Tuesday, November 6, 2012

Hammerkop

The Hammerkop, another odd bird, is often classified near the storks, but might be closer to pelicans and cormorants. The species is found in Africa and is attracted to wetlands, even those that are created by people. I took this photo in Kenya in the early 1960s.

When courting, up to 10 birds run circles around each other. Often they practice “false mounting,” but they might not be mates and they may not actually copulate. Hammerkops build nests among the heaviest of all birds—the nests can weight up to 110 pounds! The nests are often over 1.5 meters in diameter and contain some 10,000 sticks cemented with mud. The nests are decorated with bright objects and built in trees or on the ground. They build up to five of these monster nests, even when the birds themselves are not breeding (Wikipedia).

Sunday, November 4, 2012

Red-billed Tropicbird

Tropicbirds, found in tropical seas around the world, are gull-like birds with greatly elongated central tail feathers. Erika discovered this Red-billed Tropicbird because the long tail feathers tickled her ankles as she walked by the bird’s nest under the rocks in the Galapagos Islands.

Tropicbirds are yet another member of the order Pelicaniformes (along with pelicans and cormorants) because of all their toes being webbed. The order, however, is under revision by geneticists, who are finding that the various families in the order are not closely related.
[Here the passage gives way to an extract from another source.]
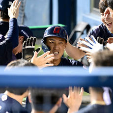 노진혁 득점에 기뻐하는 롯데 더그아웃

Expect to see changes in the taxonomy of these birds. Recently researchers suggested that tropicbirds are actually most closely related to sunbitterns (heron-like birds of the American tropics).

Friday, November 2, 2012

Yellow-rumped Cacique

Yellow-rumped Caciques are South American blackbirds found north into Mexico. This photo was taken in eastern Peru. The species is common and noisy in cultivated areas with large trees. It eats insects and fruit. These caciques breed in compact colonies, containing up to 100 hanging nests, usually built around an active wasp nest. The wasps may protect the birds from nest predators; the birds may alert the wasps to the presence of wasp-eating predators.

According to Wikipedia, Peruvian folklore reports that a boy, who always wore black pants and a yellow jacket, started a false rumor about an old woman. But the woman was a witch who turned him into a noisy, wandering bird. I do not know if Yellow-rumped Caciques were ever little boys, but, if you look closely, you may notice that these caciques have bright blue eyes, a trait uncommon among birds.